De cette candeur passionnée, tendre ou complètement cinglée transmise par l’interprétation des personnages, Dates parvient à moderniser un genre facilement raillé. Le potentiel dramatique des relations amoureuses n’est pas souvent pleinement exploité dans les séries télé, en particulier aux États-Unis où la maturité des productions qui abordent un peu le sujet semble conditionnées par la cible visée (généralement, les jeunes pour les séries à l’eau de rose de la CW produisant Smallville & cie…) et, en particulier, par le positionnement de la chaîne vis-à-vis de la religion (le cas d’ABC Family et de sa Secret Life of the American Teenager peut être cité ).

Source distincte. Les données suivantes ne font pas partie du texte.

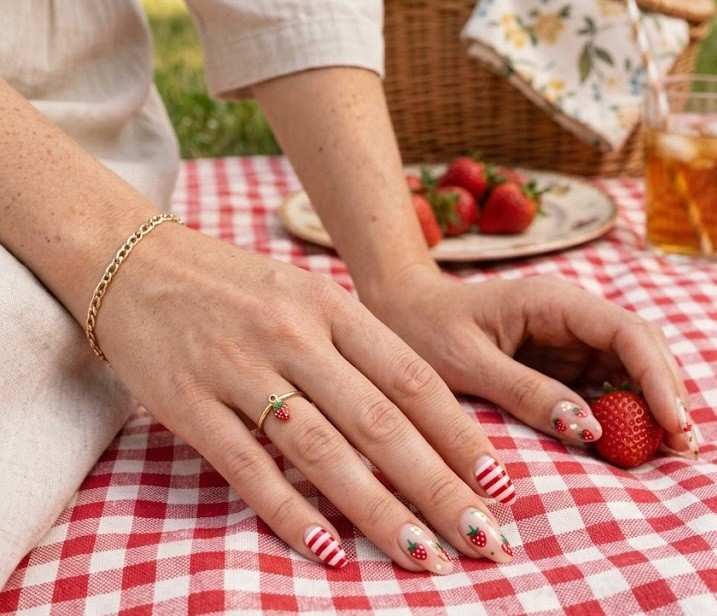 This design mixes red stripes, nude bases, and cute strawberry art for a retro picnic vibe. It’s playful, colorful, and perfect for summer festivals or casual outings.

Pour faire une comparaison, j’ai ressenti à vrai dire la même tendresse dans Dates que dans une autre série anglaise, Him & Her, diffusée actuellement gratuitement en intégralité et en VOSTFR sur Dailymotion. Certes, dans cette dernière, le jeu de séduction n’est pas le même puisque le couple se connait déjà mais c’est surtout dans la qualité des interactions entre les deux personnages, brossant une relation sans artifices, que Dates s’en rapproche.

C’est comme si les scénaristes concluaient un contrat avec le téléspectateur, leur promettant de ne pas les prendre pour plus bêtes qu’ils ne sont. C’était justement sur ce même mode qu’à l’époque de Skins, Bryan Elsley et ses compères avaient communiqué. Ils voulaient rompre avec la série pour adolescents à l’américaine où des acteurs de 30 ans, bodybuildés et super bien épilés allaient incarner des personnages qui sont deux fois plus jeunes qu’eux. De ce point de vue, malgré des épisodes inégaux – qui, pour autant, restent toujours surprenants -, Dates remplit pleinement son objectif.

La série romantique n’est pas un type qui me parle particulièrement au premier abord. Pourtant, Dates est parvenue à me captiver dès son entame grâce à son concept (lieu presque unique, deux personnages qui apprennent à se séduire et à se connaître) et parvient à conserver mon attention grâce au développement de ses personnages dont certains sont récurrents. Elle pourrait même plaire aux célibataires les plus aigris qui recherchent, en vain, de la poésie romantique sur Youporn. A tester.

Dates (Channel 4). 9 épisodes diffusés entre le 10 juin et le 3 juillet 2013.